(次世代育成支援計画)4 次世代育成支援計画で取り組む基本的な課題
更新:2009年06月23日
4 次世代育成支援計画で取り組む基本的な課題
- 子どもを安心して生み、地域共通の財産としてあたたかく見守り、大切に育てる環境の整備
少子化の進展により、子どもや子育て家庭を取り巻く社会環境は多様化・複雑化しています。
このような時代の変化に対応し、家庭や地域、行政、関係機関・団体、事業者など、すべての住民が子育ての意義について理解を深め、子どもの個性・主体性・社会性が育つような支援や環境の整備が必要です。
- さまざまなニーズに対応できるきめ細かな対応
何らかの保育サービスを利用したいという人が8~9割と多く、ニーズは高まっています。
従来の保育サービスの充実を図るとともに、個別化・多様化するニーズに対応する必要があります。サービスを組み合わせて利用できるようにしたり、在宅で子育てをしている保護者への配慮など、きめ細かな対応が必要です。
- 子どもの成長に地域があたたかくかかわっていけるような意識づくり・体制づくり
地域における子育て機能の弱体化は、子育て家庭の孤立化や、人間関係の希薄化によって子ども自身が社会性を身につけたり多様な価値観を学んだりする機会が減少していることが指摘されています。子どもの成長を身近な地域がかかわり、あたたかく見守っていける意識づくり・体制づくりが必要です。
- 保護者に対する支援施策の充実
育児に大変さや不安を感じている保護者が多く、さまざまな悩みをかかえていることがわかりました。児童虐待予防の観点からも、育児ストレスを解消したり身近なところで相談がでる体制づくりなど保護者自身に対する支援施策の充実が必要です。
- 企業の意識改革と男女共同参画の社会づくり
子育てと仕事の両立支援として最も望まれていることは、子どもが病気のときに安心して休暇が取れる制度の充実です。

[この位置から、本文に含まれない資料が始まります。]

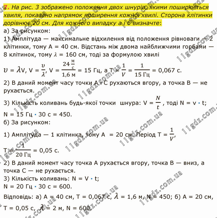 На рис. 3 зображено положення двох шнурів, якими поширюється хвиля, показано напрямок поширення кожної хвилі. Сторона клітинки дорівнює 20 см. Для кожного випадку а і б визначте: а) За рисунком: 1) Амплітуда — максимальне відхилення від положення рівноваги — 2 клітинки, тому А = 40 см. Відстань між двома найближчими горбами — 8 клітинок, тому λ = 160 см, тоді за формулою хвилі υ = λV, V = υ/λ, V = (24 м/с)/(1,6 м) = 15 Гц, а Т = 1/V = 1/(15 Гц) = 0,067 с. 2) В даний момент часу точки А і С рухаються вгору, а точка В — не рухається. 3) Кількість коливань будь-якої точки шнура: V = N/t , тодi N = v ∙ t; N = 15 Гц ∙ 30 с = 450. б) За рисунком: 1) Амплітуда — 1 клітинка, тому А = 20 см. Період T = 1/V, T = 1/(20 Гц) = 0,05 c. 2) В даний момент часу точка A рухається вгору, точка B — вниз, а точка С — не рухається. 3) Кількість коливань: N = V ∙ t; N = 20 Гц ∙ 30 с = 600. Відповідь: а) A = 40 см, T = 0,067 с, λ = 1,6 м, N = 450; б) А = 20 см, Т = 0,05 с, λ = 2 м, N = 600.

企業側の子育て支援に対する取り組みの推進と、病後児保育などの制度・サービスの充実が望まれます。
また、職場内の理解を深めることや女性の就労継続に対する企業の理解や支援が必要だという意見も多く、企業の意識改革とともに、職場中心の考え方を見直し、働く男女がお互い協力して子育てや家事、地域活動に取り組むことができるような男女共同参画の社会づくりが必要です。
- 子どもと子育て家庭に配慮した住環境の充実・安全で快適に過ごせるまちづくり
就学前児童の保護者では、子どもと外出する際困ることとして、子どもとの食事に配慮された場所がないことやトイレがオムツ替えや親子での利用に配慮されていないことなどが上位項目にあがっています。子ども連れでも社会参加しやすい、子どもと子育て家庭にやさしいまちづくりが望まれます。また、小学生の保護者では、子どもが犯罪の被害に合わないか心配であるといった意見が多く、子どもを安心して生み育てるための、まちづくりが必要です。
- 子どもたちが将来に夢や希望をもてるまちづくり
中高生の意見では、将来は結婚したい。子どもがほしいと思ったりしている生徒が多くなっています。次代の担い手である子どもたちが心豊かに成長し将来に夢や希望をもてることが重要です。